石原千秋『大学受験のための小説講義』(ちくま新書 2002)を半分読む。
大学受験をこれまでの受験技術ではなく、文学解釈の立場に立って解こうとする意欲作である。指示語や接続詞といった現代文解釈のヒントはほとんど無視し、物語の「枠組み」(物語の構造)から、その登場人物に与えられる役割を分析して、問題を次々と解いていく。またセンター試験の小説は文科省の監督があるためか、一定にルールにもとに作品が選ばれ、問題が構成されていると述べる。
今まで苦手意識を持っていたセンター小説の骨格が分かった気がして大変興味深かった。後半は国公立二次の問題となっているので、時間がある時に解いてみたい。
センター試験の小説の5つの法則
- 「気持ち」を問う設問には隠されたルール(学校空間では道徳的に正しいことが「正解」となる)が働きがちだ。
- そのような受験小説は「道徳的」で「健全な物語」を踏まえているから、それに対して否定的な表現が書き込まれた選択肢はダミーである可能性が高い。

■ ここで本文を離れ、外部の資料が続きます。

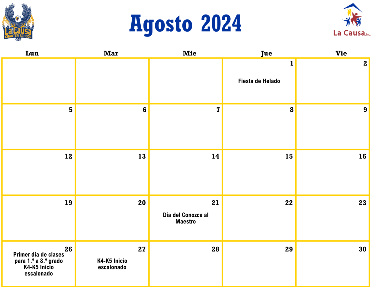 La Causa Charter School Calendar prntbl concejomunicipaldechinu gov co
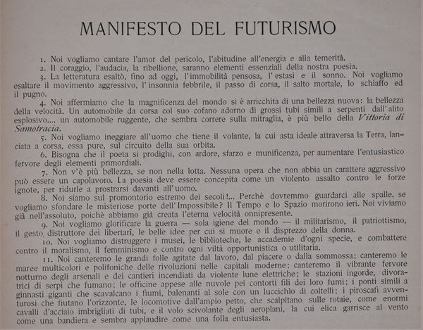 FONDAZIONE E MANIFESTO DEL FUTURISMO. 1909.
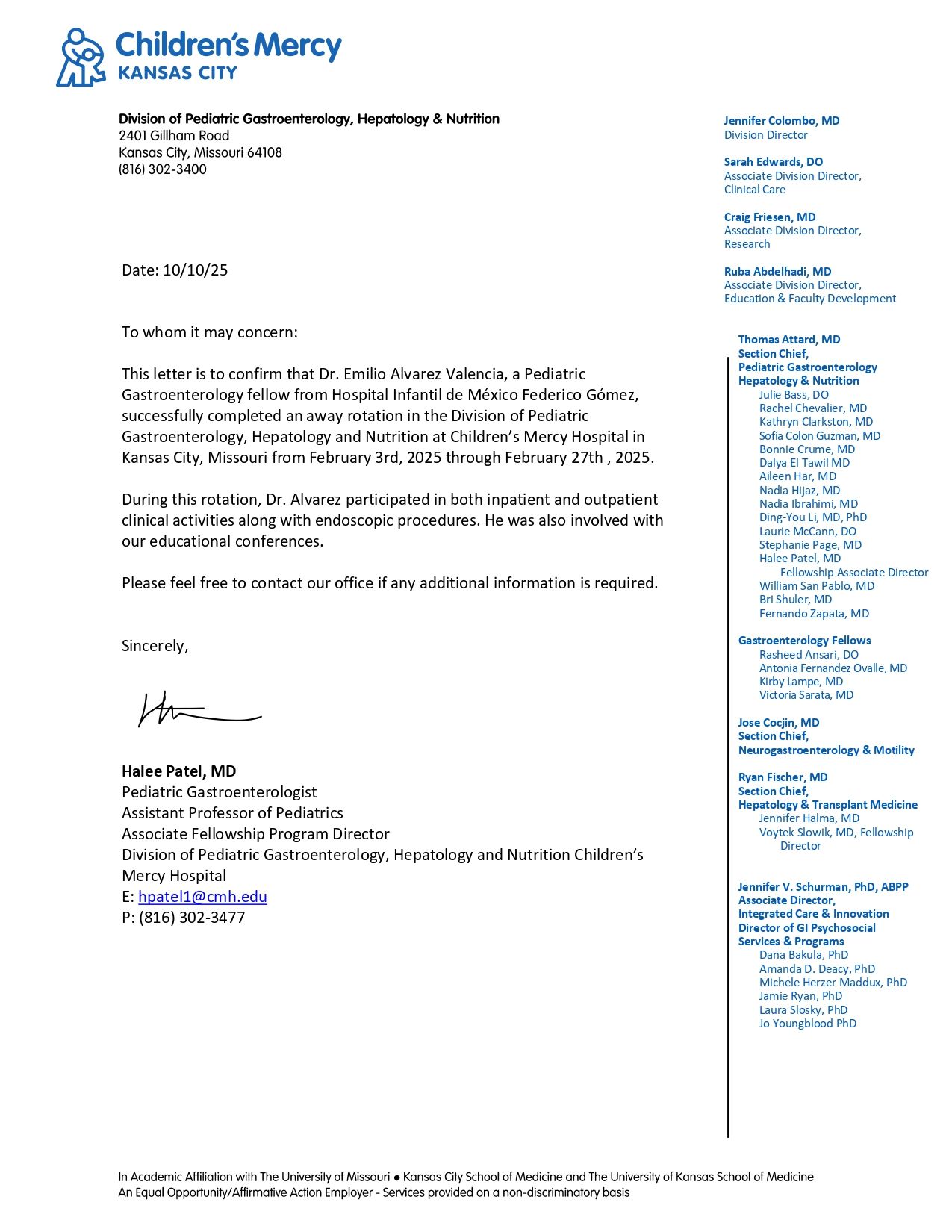 Cuento además con entrenamiento en la Unidad de Gastroenterología del Children’s Mercy Hospital en Kansas City, Missouri, una de las instituciones pediátricas más reconocidas en Estados Unidos.
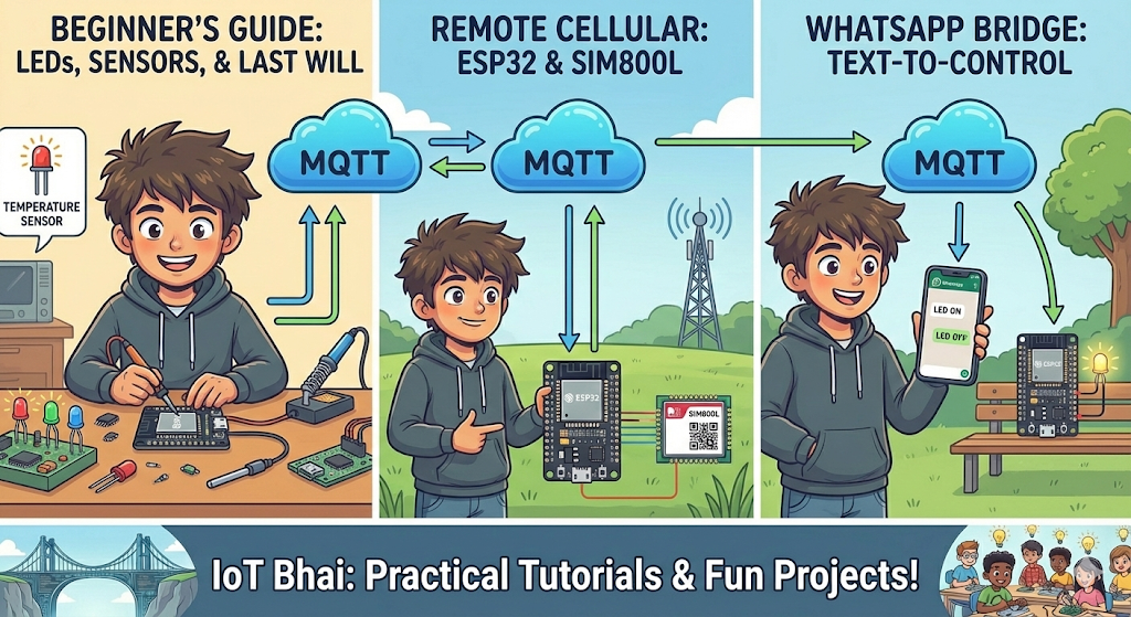 Now that you have the broker, what should you build? I have written three complete, step-by-step guides that you can test using mqtt.iotbhai.io right now.
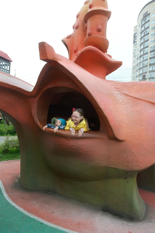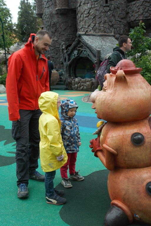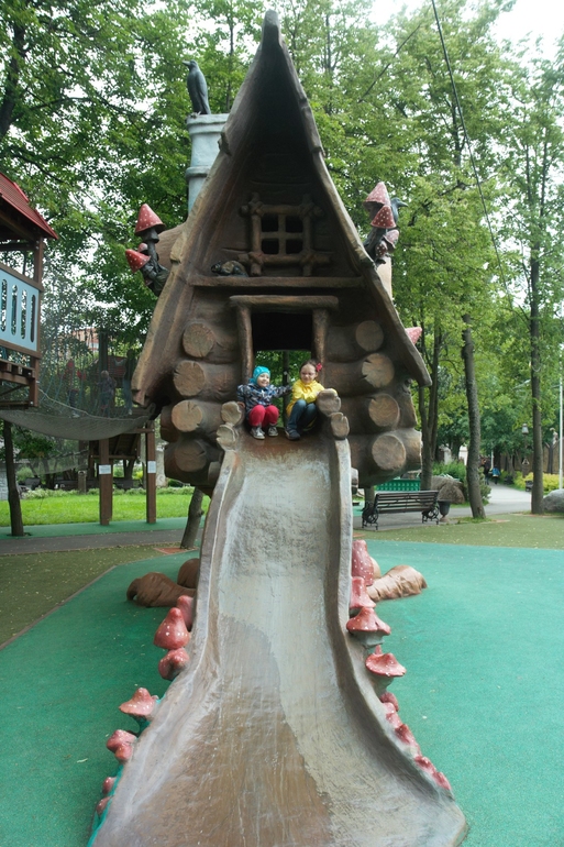 А взрослым просто приятно глазу видеть всю эту сказку вокруг. В замок можно и нужно залезть. Там есть трон, можно выйти на балкончики, вниз можно спустится по горкам, а можно уйти в небо по веревочному городку.
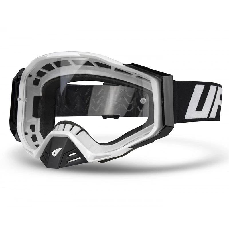 UFO Plast EPSILON, off road goggle from great performance, born from the most advanced technological and stylistic research, designed for the most attentive and demanding riders. Coordinated with all helmets and UFO Plast offroad clothing. Features: Comfortable goggle to wear thanks to the extremely light structure. Ergonomic structure, guarantees a wide field of vision and a wide peripheral and superior vision. Frame perfectly adherent to the face, the mask integrates perfectly with all the most important helmets on the market. The ventilation system promotes uniform air circulation inside the mask by eliminating water vapor, the lens remains dry and clear. Resistant materials designed to offer maximum protection and sharpness throughout the period of use. Three layers of hypoallergenic foam covered in breathable fleece prevent infiltrations and ensure perfect vision in any condition. Equipped with removable nose protection to facilitate cleaning. Easy to adjust elastic with non-slip silicone inserts to keep the position of the mask on the helmet stable. UV400 anti-fog and anti-scratch lenses.
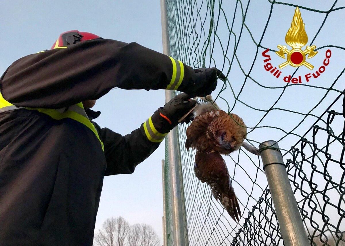 Varese, gufo finisce... in rete: liberato dai vigili del fuoco
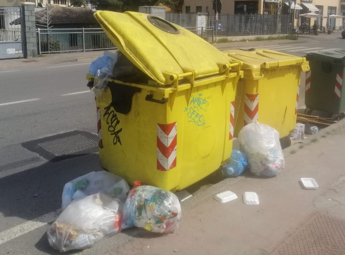 La segnalazione arriva da un lettore, che con i suoi scatti illustra la situazione del marciapiede che costeggia la strada, disseminato di rifiuti che straripano dai contenitori.

- その結果「正解」は曖昧模糊とした記述からなる選択肢であることが多い。
- 「気持ち」を問う設問は傍線部前後の状況についての情報処理であることが多い。
- 「正解」は似ている選択肢のどちらかであることが多い。ただしこの法則は、中学や高校の入試国語ではほぼそのまま使えるが、大学受験国語では裏をかかれることがある。
物語文による読みを基本としながら、これら5つの法則と消去法を組み合わせて解くのが、センター小説の鉄則である。